The woman leaned close to Viktor. With her came a fragrance half like flowers, half like distant wood smoke.

Her nearness made Viktor suddenly aware that he was quite naked. The woman didn’t seem to notice, or at least to care. She peered into his eyes. She touched the base of his throat with an instrument that glittered like metal but was soft and warm to the touch, while she studied a tiny, dancing firework display of color at the instrument’s base.

Then she pulled down his lower lip. Instinctively he tried to twist his head away—again that explosion of pain!—but the man in the filmy gown gripped his head roughly, holding it immobile while the woman touched the damp, tender inside of Viktor’s lip with some other kind of thing, and Viktor went quickly and helplessly to sleep.

When he woke up again he was alone in the room. Even the other resuscitation pans were empty.

His head still hurt, but the other pains were gone—well, not gone entirely, but now they were only little annoyances rather than agony. When he sat up he saw that his right calf, from knee to ankle, was encased in some sort of a pale pink sausagelike contrivance. He puzzled over that for a while, poking at it with a finger. He didn’t understand it. He didn’t understand much of anything at all; everything seemed so complicated.
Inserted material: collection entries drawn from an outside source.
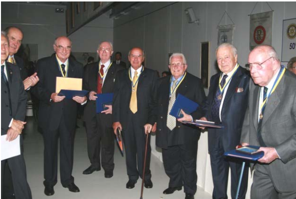
Foto di gruppo di alcuni Senior premiati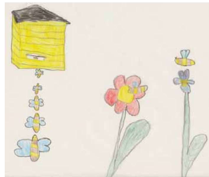
Snart är det vår...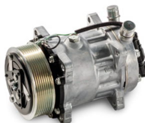
MAN Original Kältekompressoren ab: CHF 910.-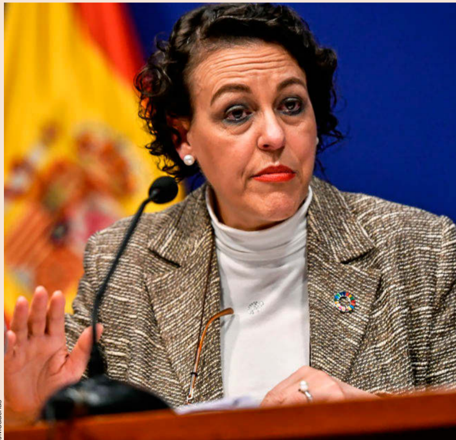
La ministra de Trabajo, Migraciones y Seguridad Social, Magdalena Valerio.

En segundo lugar, la recaudación también descendió, en menor medida, porque Telefónica terminó de abonar su expediente de regulación de empleo al SEPE en 2016. Hay que tener en cuenta que, hasta ese año, los trabajadores de la compañía de telecomunicaciones representaron el 72% de los 9.215 trabajadores cubiertos en los expedientes. De la misma forma, de los 368 millones de euros reclamados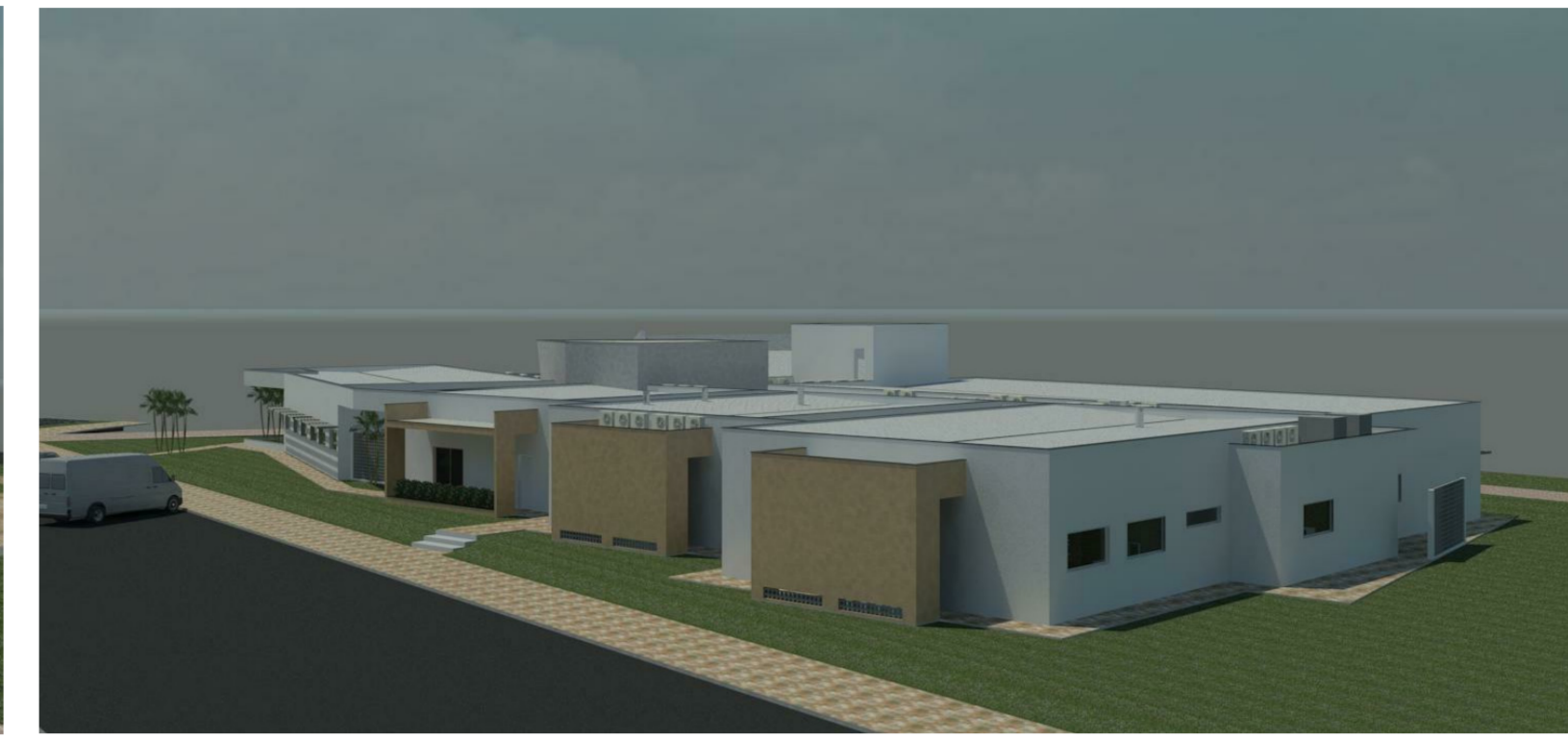
VISTA 04 5 1:1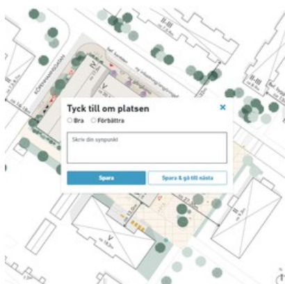
Bild på hur webbsidan ser ut där man kan tycka till. Passa på att gå in här du också.

Mer om hur du lämnar synpunkter i dialogkartan här.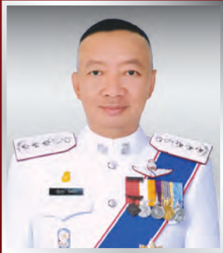
พล.ต.ท. เพิ่มพูน ชิดชอบ จตร.(สบ ๗)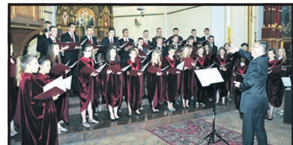
Udział w dwóch festiwalach to lipcowy plon chóru SCMC

Ta niezwykła liczba utworów przygotowanych do zaśpiewania w każdej chwili, wzbudziła ogromny podziw organizatorów i publiczności. No i przede wszystkim jakość wykonania! Idealnie czysta intonacja, różnicowanie barw w zależności od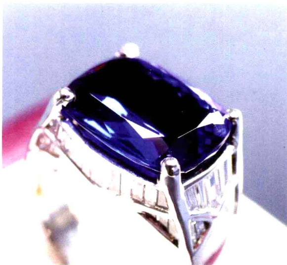
图1-1 铂金镶坦桑石钻石男戒 金重20g 坦桑石：14.77ct 钻2.54ct 品质：刻面型 色浅紫蓝 净度：VVS 切工优 市场中间价估算约人民币：20.68万元

一谈到珠宝首饰，似乎无人不知、无人不晓，而且人见人爱。这是由于它们独特的魅力——集美丽、财富、社会地位和人的艺术修养为一身的特殊产品。但人们似乎又觉得珠宝首饰深不可测，珠宝首饰的价格如何确定？怎样鉴定珠宝首饰的品质、质量？它们和价格之间又有何种关联？这些问题一直都困扰着人们，使珠宝首饰始终披着神秘的面纱。常言说黄金有价玉（宝）无价。玉（宝）真的无价吗？非也。黄金有价，仅仅是黄金在国际上有一个交易定价标准；珠宝、玉石（除钻石外）至今尚无准确的定价标准，但珠宝、玉石的品质和质量与价格之间始终存在着某些关联，寻找这些关联是珠宝首饰价格鉴定中首要的工作。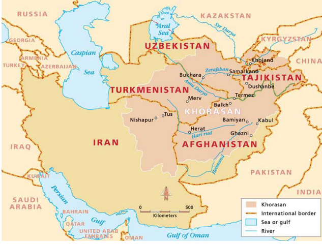
Horasan'ın günümüzde hangi ülkelerin sınırları içinde kaldığını gösteren bir harita [24]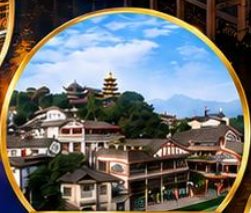
เมืองโบราณเฉิงชิว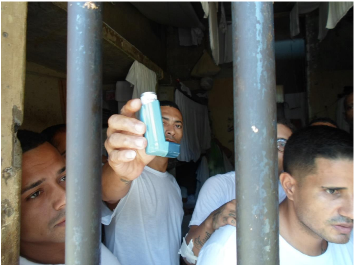
Figura 27. "Bombinha" utilizada em casos de bronquite/asma

Houve muitos relatos de presos que necessitam de bombinha para asma/bronquite e tais equipamentos acompanhados do medicamento necessário não eram entregues com regularidade.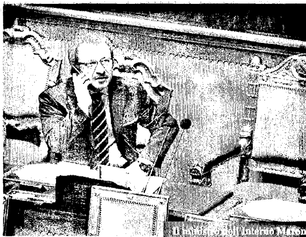
Il ministro dell'Interno Manganelli

“ Come forze di polizia siamo chiamati a stare vicini ai cittadini, a tutelare e a garantire i diritti di tutti, sia nel momento dell'espressione del dissenso che del consenso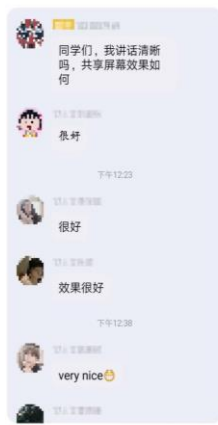
杨新军 陈佳 旅游地理与规划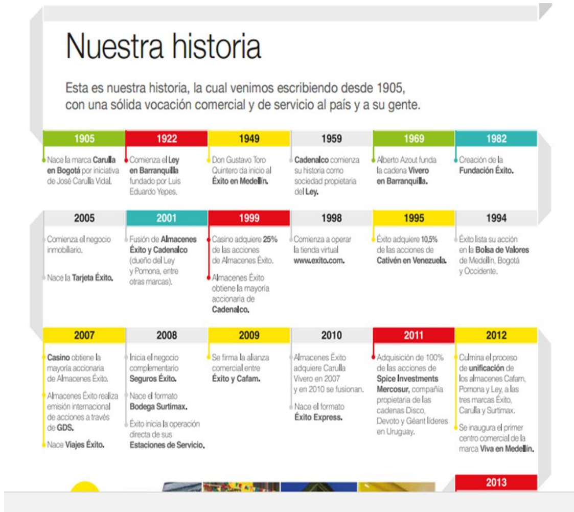
ILUSTRACIÓN 3 RECOPILO DE LA INVESTIGACIÓN DESARROLLO SOSTENIBLE, ALMACENES ÉXITO.

Almacenes Éxito nace en la ciudad de Medellín en un pequeño local del centro de esta ciudad esta marca tiene una gran trayectoria en Colombia y recientemente en otros países de Latinoamérica, su historia se puede ver en la siguiente grafica recopilada del informe y balance de (almacenes Éxito, 2013).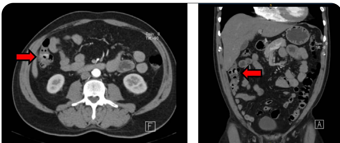
Figura 2. Angiotomografía de abdomen, fase arterial. Obsérvese el realce parietal focal en la pared medial, por debajo del ángulo hepático de colon. (Izquierda: corte axial / Derecha: corte coronal)

nes sanguinolentas en gran cantidad (hematoquecia) por lo cual se decide realizar endoscopia digestiva alta de urgencia, que no arroja datos de valor. El paciente queda con diagnóstico de hemorragia digestiva oculta en planes de realizar angiotomografía y enteroscopia.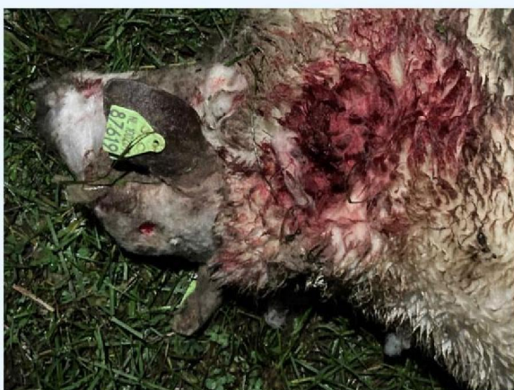
keelbeet 2 schaap 2.JPG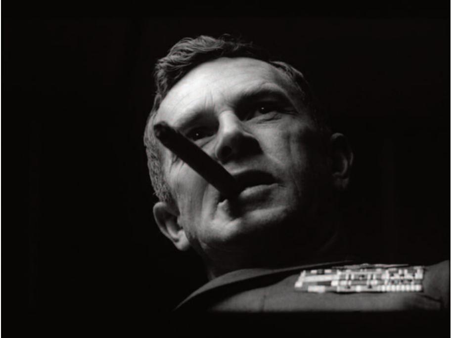
Fig. 11 – PP e inquadratura dal basso. Un'epica ironica.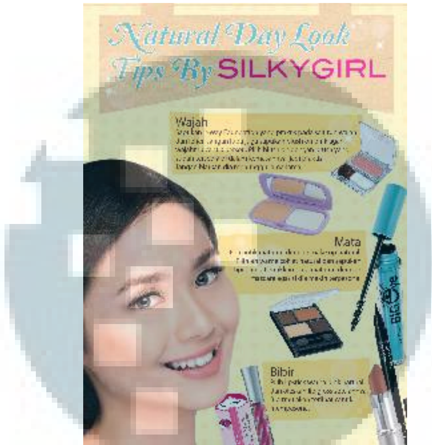
Gambar 3.16 Hasil Desain Layout Natural Beauty Tips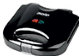
Sandwich Maker MS 3032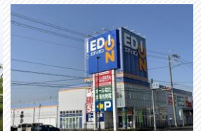
▲エディオン東近江店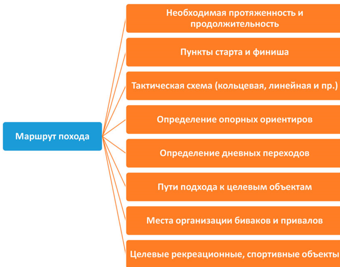
Рис. 3 Действия по разработке маршрута рекреационного и спортивного походов.

Комплектование группы оздоровительного похода. Организация туристского похода непременно включает и комплектование группы . В случае рекреационных походов, нормативные ограничения по составу группы существуют для походов с учащимися (регламентируются вышеупомянутой «Инструкцией» Министерства образования). Инструкцией регламентируется количество учащихся при проведении походов – их в группе должно быть не менее шести. Кроме того, определен минимальный возраст, с которого учащиеся допускаются к участию в походе – шесть лет. В иных случаях, каких-либо нормативных ограничений по составу туристской группы нет.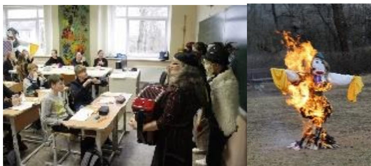
Užgavėnės Paberžės „Verdenės“ gimnazijoje

Gimnazijoje noriai švenčiamos žiemos palydos – Užgavėnės. Moksleiviai patys kuria Užgavėnių personažus, kepa blynus. Persirengėliai per pamokas vaikštinėja po mokyklą. Vėliau šventė persikelia į gimnazijos kiemą, kuriame organizuojamos įvairios varžybos: blynų mėtymas į keptuves, lenktynės su blynais, riestainių konkursas. Šventę vainikuoja pagrindinio personažo, Kanapinio, pergalė prieš Lašininį ir sudeginama Morė.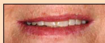
Slika 16, slučaj 5: Predoperativni prikaz.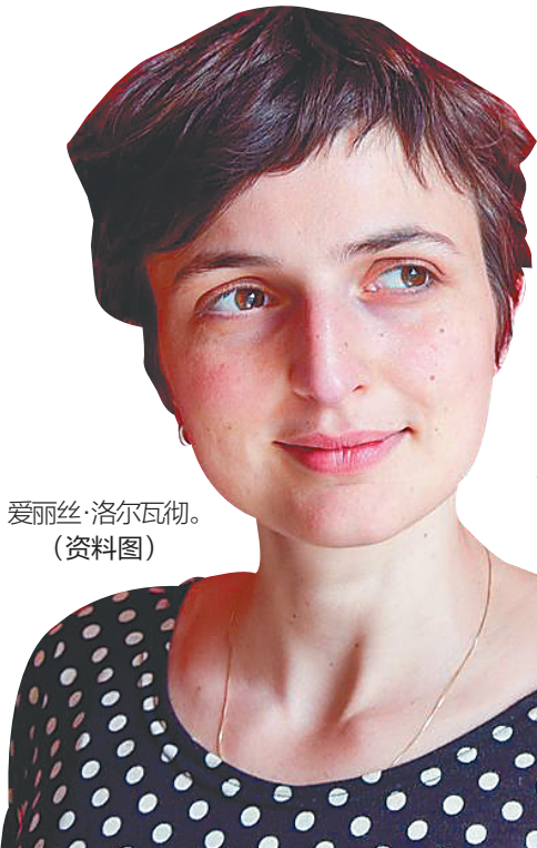
爱丽丝·洛尔瓦彻。(资料图)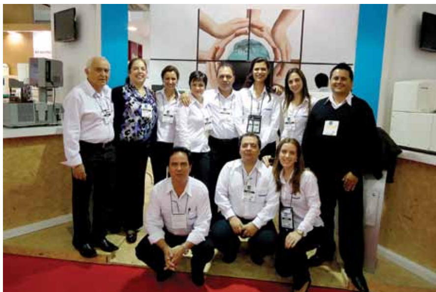
Equipe da Horiba Medical participa de Congresso em Curitiba

Por meio de todo este trabalho, a Horiba Medical consagra-se como provedora de soluções e aliada dos laboratórios e distribuidores. A empresa aposta no estreito rela-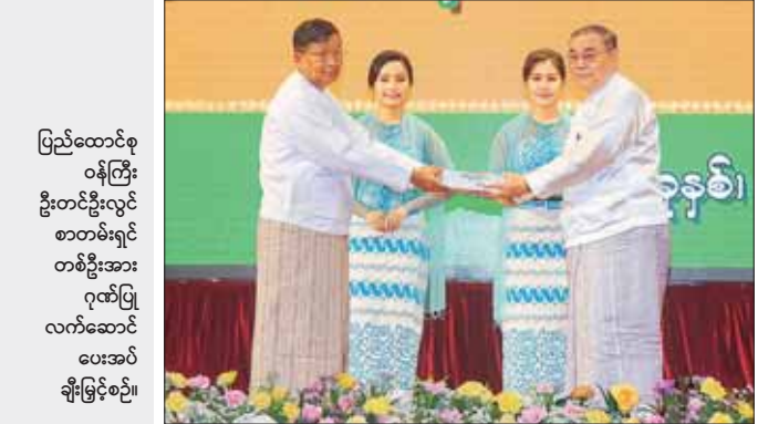
ပြည်ထောင်စု ဝန်ကြီး ဦးတင်ဦးလွင် စာတမ်းရှင် တစ်ဦးအား ဂုဏ်ပြု လက်ဆောင် ပေးအပ် ချီးမြှင့်စဉ်။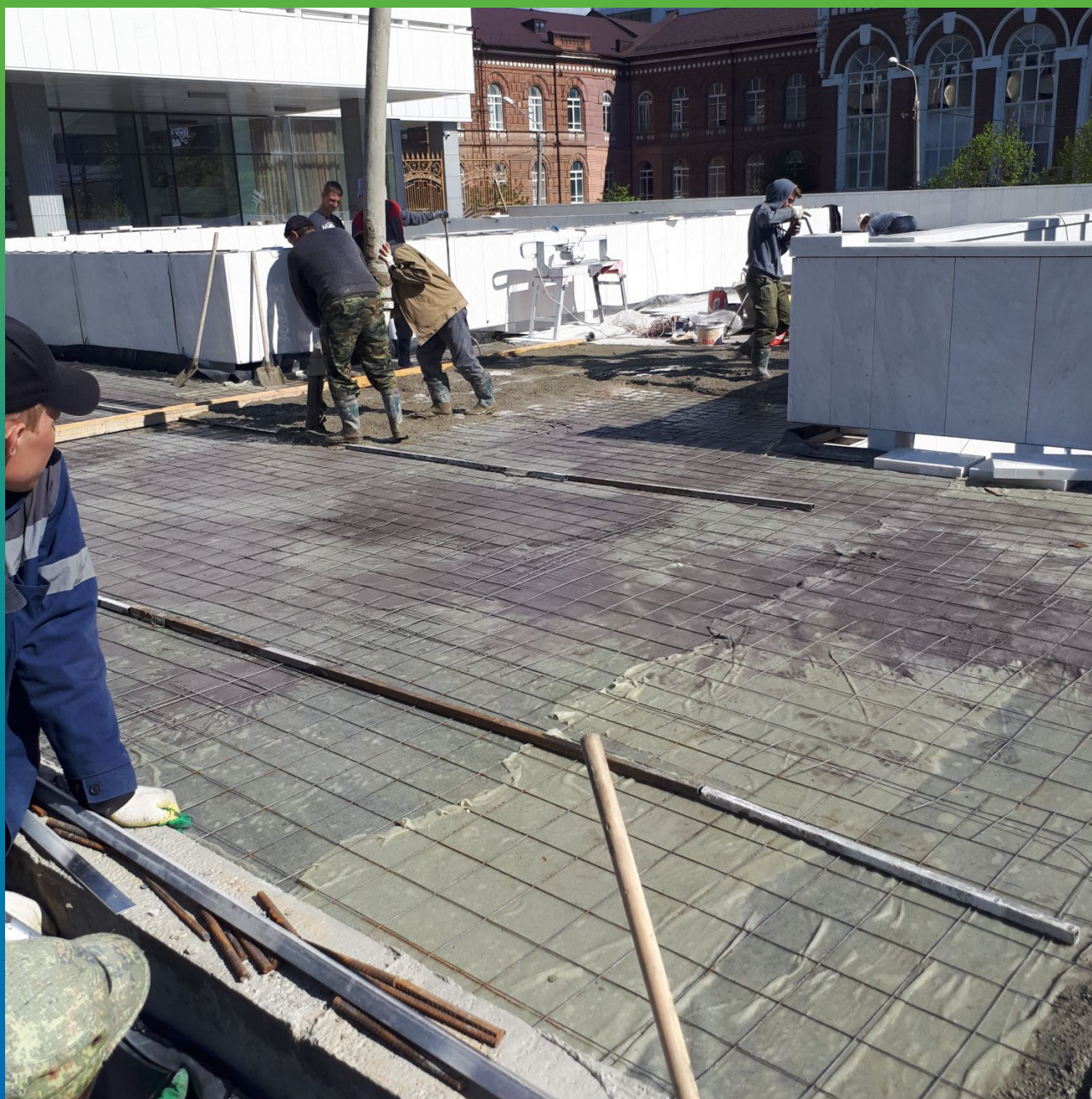
Устройство стяжки с сеткой по геотекстилю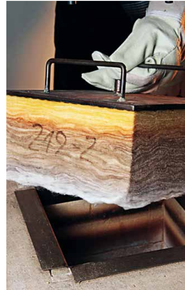
Anwendungsgrenztemperatur | Maximum service temperature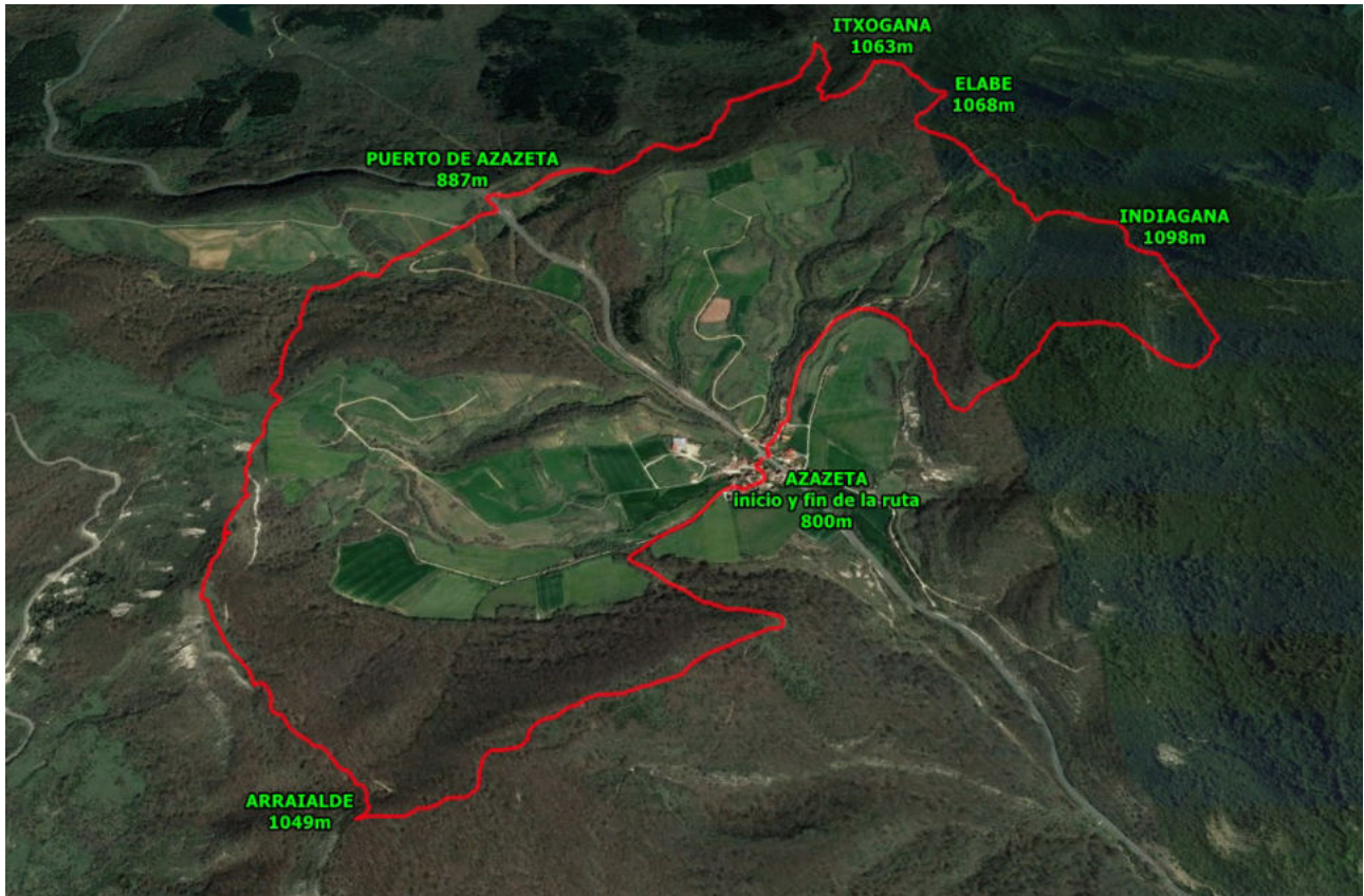
Itxartu Mendigoizale Taldea, junio de 2023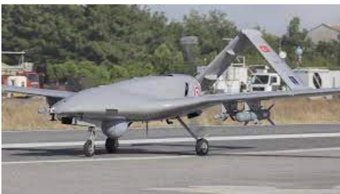
Figura 1 - SARP armado Bayraktar TB-2

O fato de o Azerbaijão ter vencido o conflito não consistiu em algo extraordinário, considerando a correlação de forças com a Armênia. O que se traduziu como inédito foi a peculiaridade da Segunda Guerra de Nagorno-Karabakh ter sido a primeira que foi praticamente decidida por plataformas remotamente pilotadas. O SARP armado de origem turca Bayraktar TB-2 e a munição de voo israelense Harop (Figura 1) dominaram o TO e possibilitaram ao Azerbaijão alcançar uma situação vantajosa que o conduziria à vitória (ANTAL, 2021).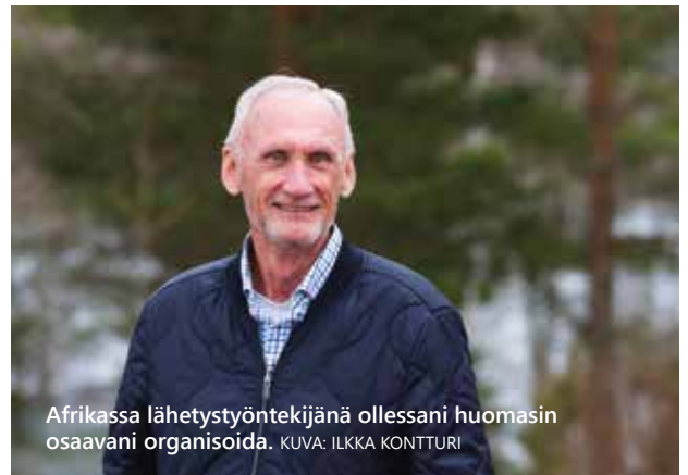
Afrikassa lähetystyöntekijänä ollessani huomasin osaavani organisoida.

Jokaisella OPKOn työntekijällä on tukirengas. Voitko sinä ryhtyä jonkun työntekijän lähettäjäksi ja liittyä hänen ystävärengaseensa? Lue lisää: opko.fi/yhteystiedot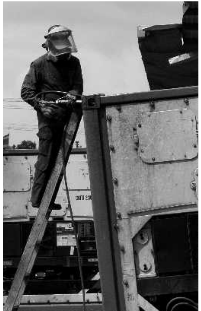
Reparaturarbeiten an einer Kühleinheit.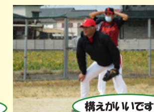
構えがいいですね！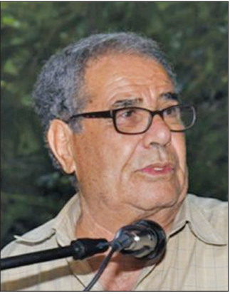
الشاعر عمر شبلي

The way he felt, he thought, was almost like being drunk.

He tried to recollect how he had got here. There was a memory of being told he had to go back in the freezer . . .

Yes, that was true, he was pretty sure. It wasn’t a comforting thought, though. He had a vague memory about freezing, something that someone had told him—was her name Wanda?—long before. It did not do to be frozen too many times. That he was sure of, though what it meant was very unclear.

He heard a man’s voice growling something from the doorway, and when he looked around it was the fellow in the gown, looking at him. “You’re awake,” the man said—wonderfully, in words that Viktor understood. “Stay there. I’ll see if Nrina wants to look at you.”